On the other hand, she is somewhat right in that many of the people at the Alamo (and surrounding areas) were recent arrivals who came looking for cheap land.
I’m sure she’d be thrilled if it were still part of Mexico, and watching people all around her getting their heads cut off from the drug lords.
. . . or volunteers from Tennessee.
Because you don’t seem to know this, there were virtually no Spanish colonists or “Mexicans” in Texas in 1836 and before. Central Mexico was beautiful, agriculturally productive, lacked Apaches and Commanches, etc. People liked living there; it was civilized.
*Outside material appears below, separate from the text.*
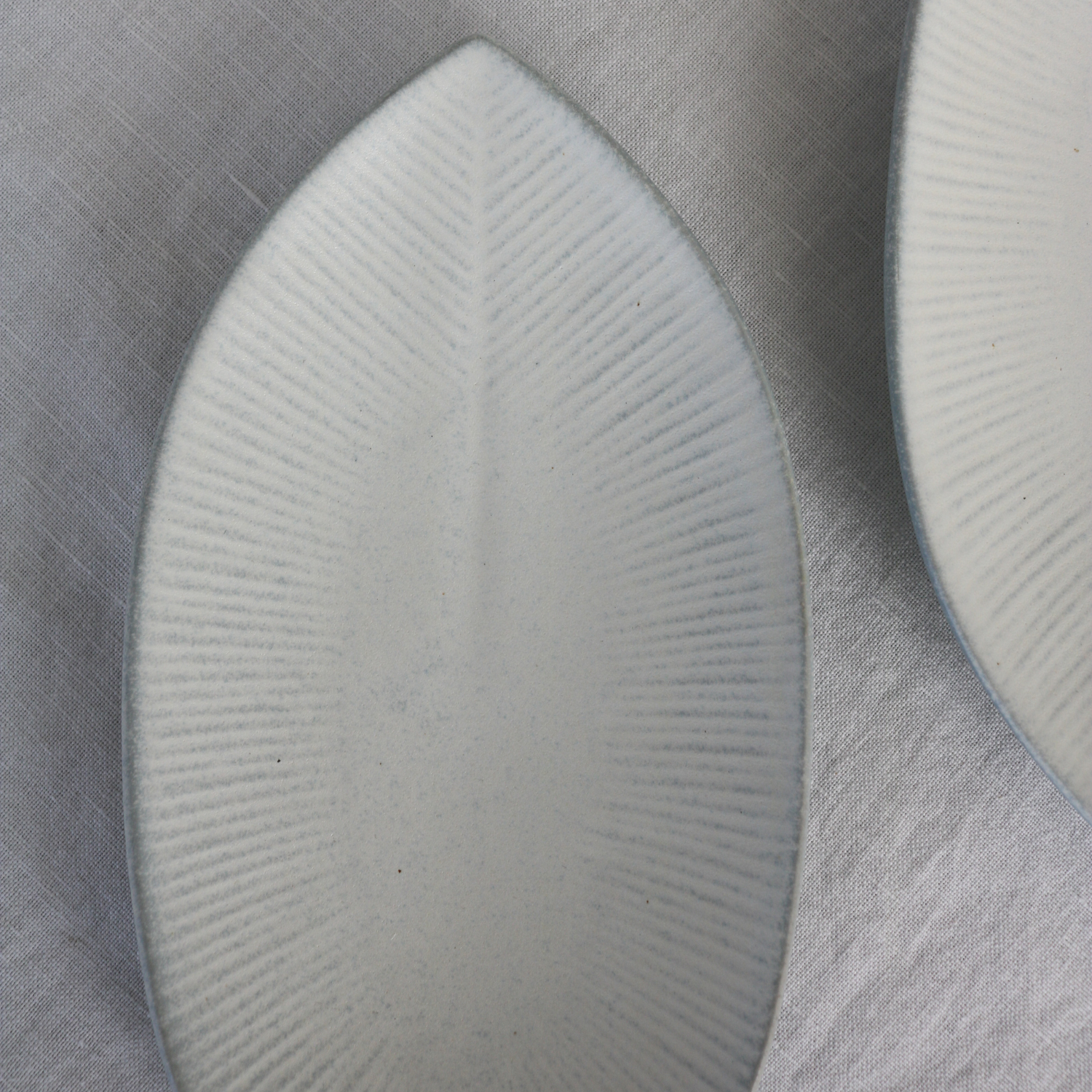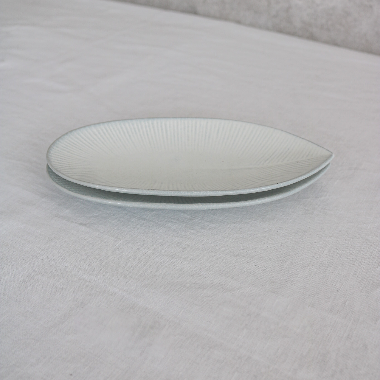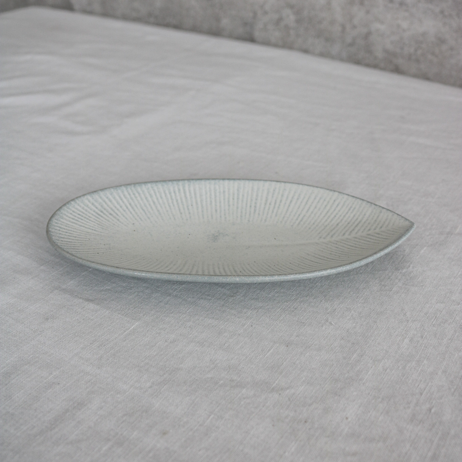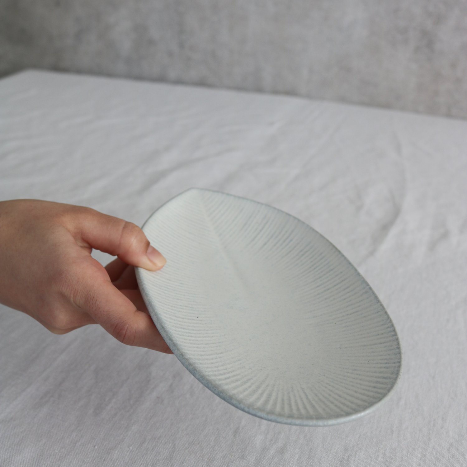このドルチェシリーズは青みがかった白が美しくマットな質感でクールな一面と、ほっこりあったかい北欧風の雰囲気も持ち合わせた不思議な印象のうつわです。爽やかなデザインはモーニングプレートとしてもぴったり。木のカトラリーなどとも相性が良いですが、しのぎ模様の濃淡がほんのり浮かび上がる美濃焼の和食器です。
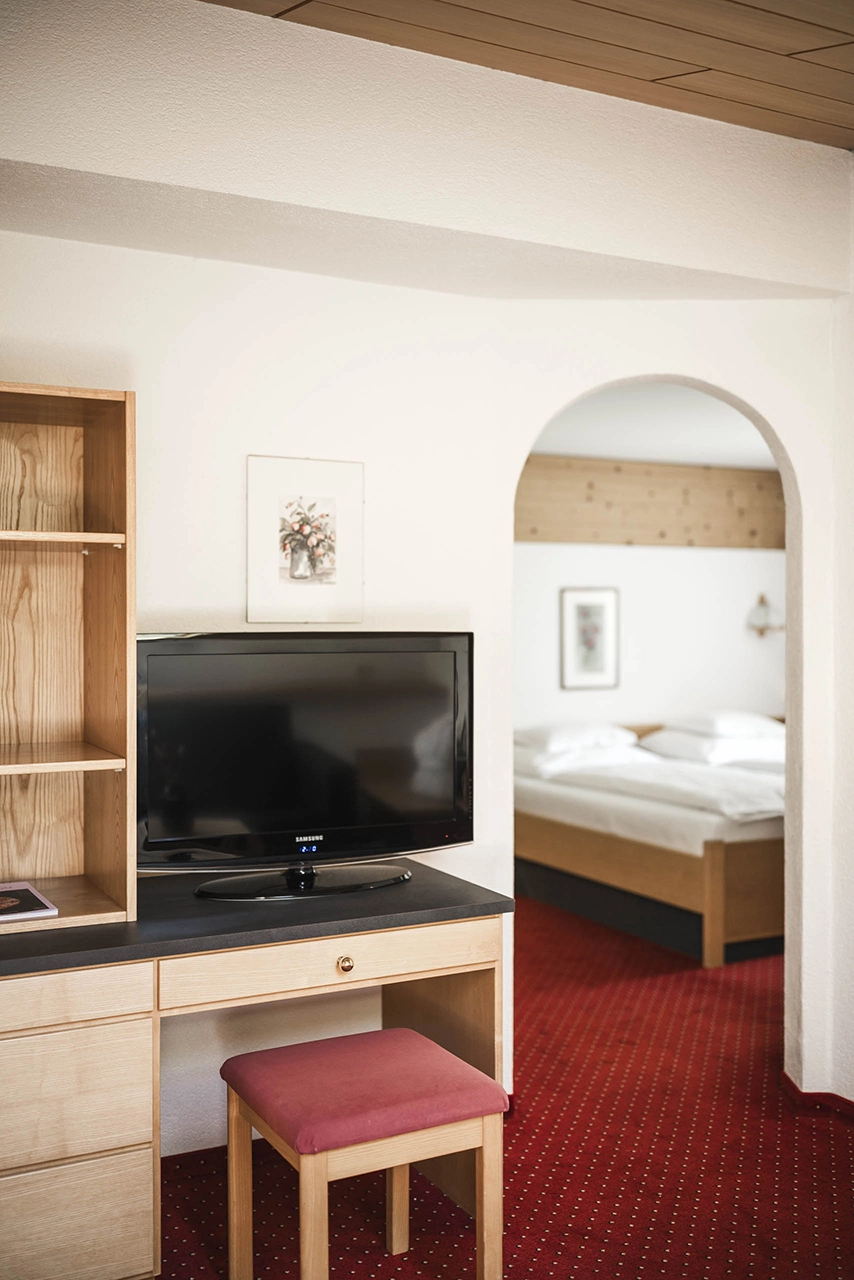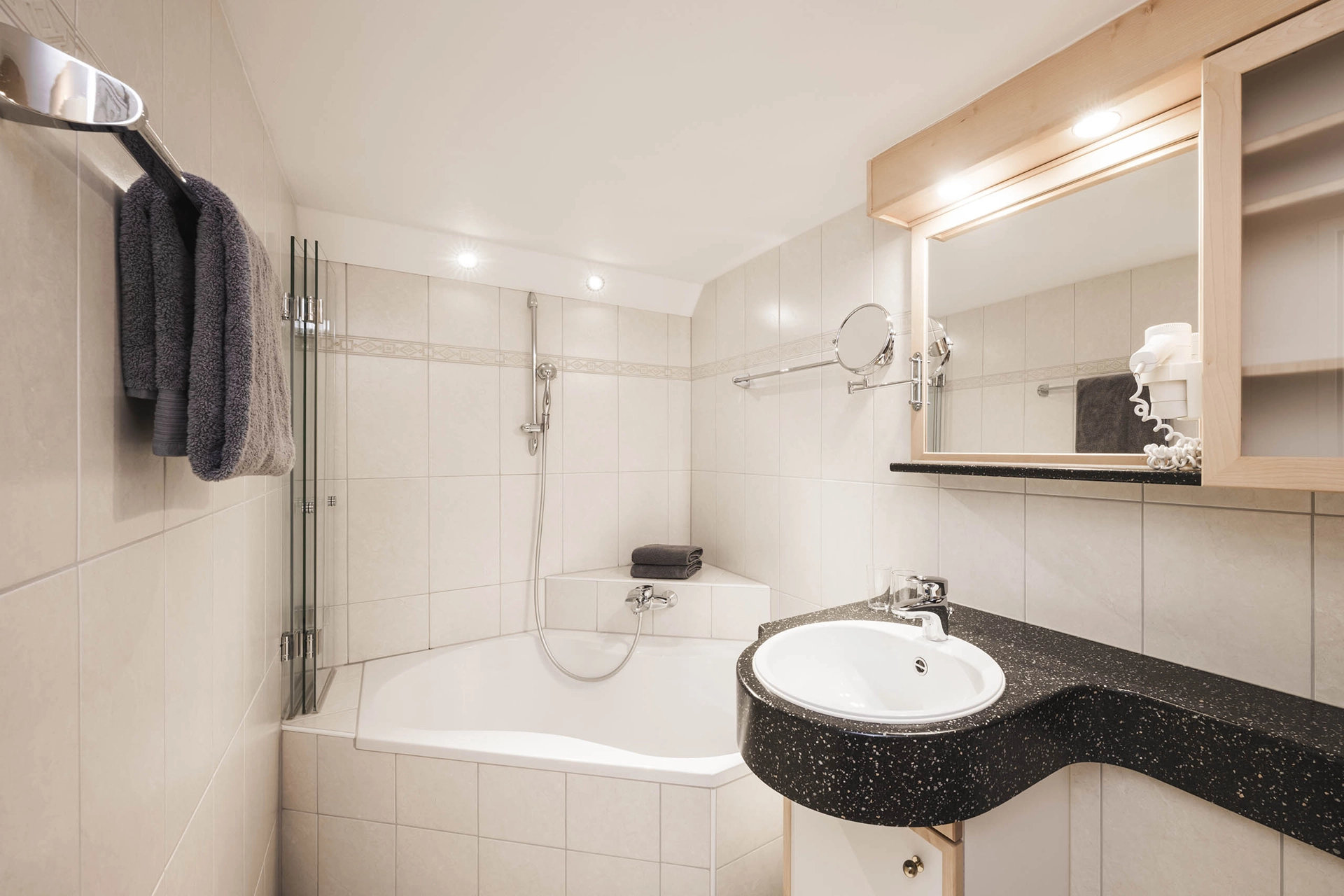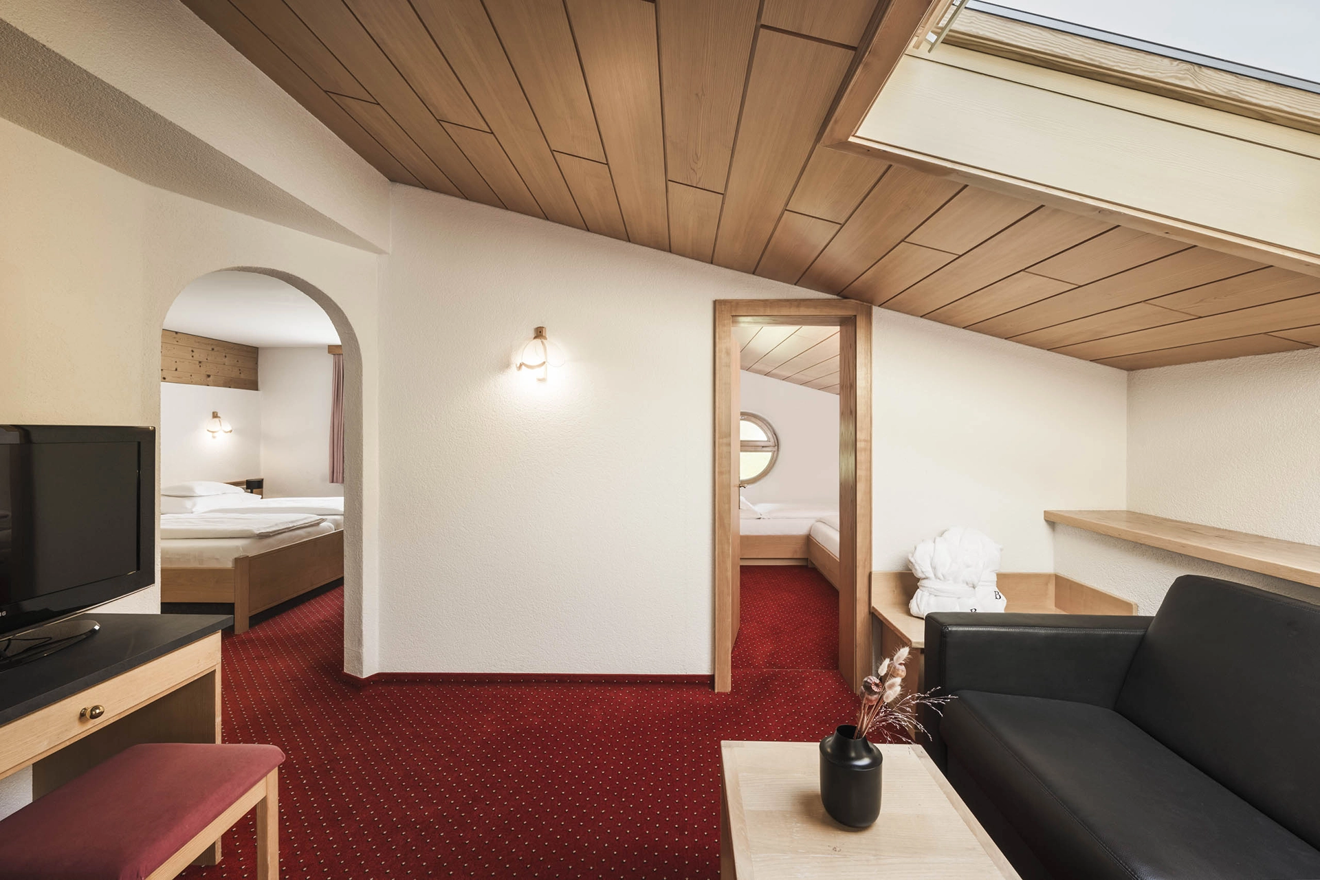 Im Wohnbereich mit Ausziehsofa und Schreibtisch kommen alle zusammen. Das Bad ist mit einer großen Eckbadewanne ausgestattet, dazu gibt‘s Alpenkräuter-Kosmetikprodukte aus Vorarlberg, einen Kosmetikspiegel sowie flauschige Handtücher und Bademäntel. Natürlich ist auch schnelles Wifi verfügbar, doch aus Erfahrung wissen wir: Die Kinder toben sich bei uns meist im Spielzimmer aus, nicht in der virtuellen Welt.

Mexico City, for example, had had a university for centuries by the early 19th century.
Because their “claim” to territory north of the Rio Grande was just an assertion, the governments in Mexico City went through scheme after scheme to try lure settlers north of the Rio Grande and failed time after time. That is why they finally gave Austin and other Americans huge incentives to bring Americans here. The actual number of Spanish/Mexicans north of the Rio Grande in 1830 wouldn’t even populate a decent sized Houston subdivision, and most of the Spanish/Mexicans north of the Rio Grande were concentrated relatively near the river.
BTW, there were also very few Indians, especially in areas west of the rainfall line that runs through Houston. Why? Because it semi-arid or desert. Without advanced European civilization and its technology, the area is barely inhabitable.
The American settlers made Texas as a whole livable. People who claim they want “Texas back” are claiming something that never was theirs and that they didn’t create. Someone needs to teach that to LULAC MALDEF, MECHA and all the other so-called “latino” special interests.
I was under the impression that Santa Ana (or the Mexican gummint at the time) had invited the Anglos into Texas as safety for Mexico against the US. True?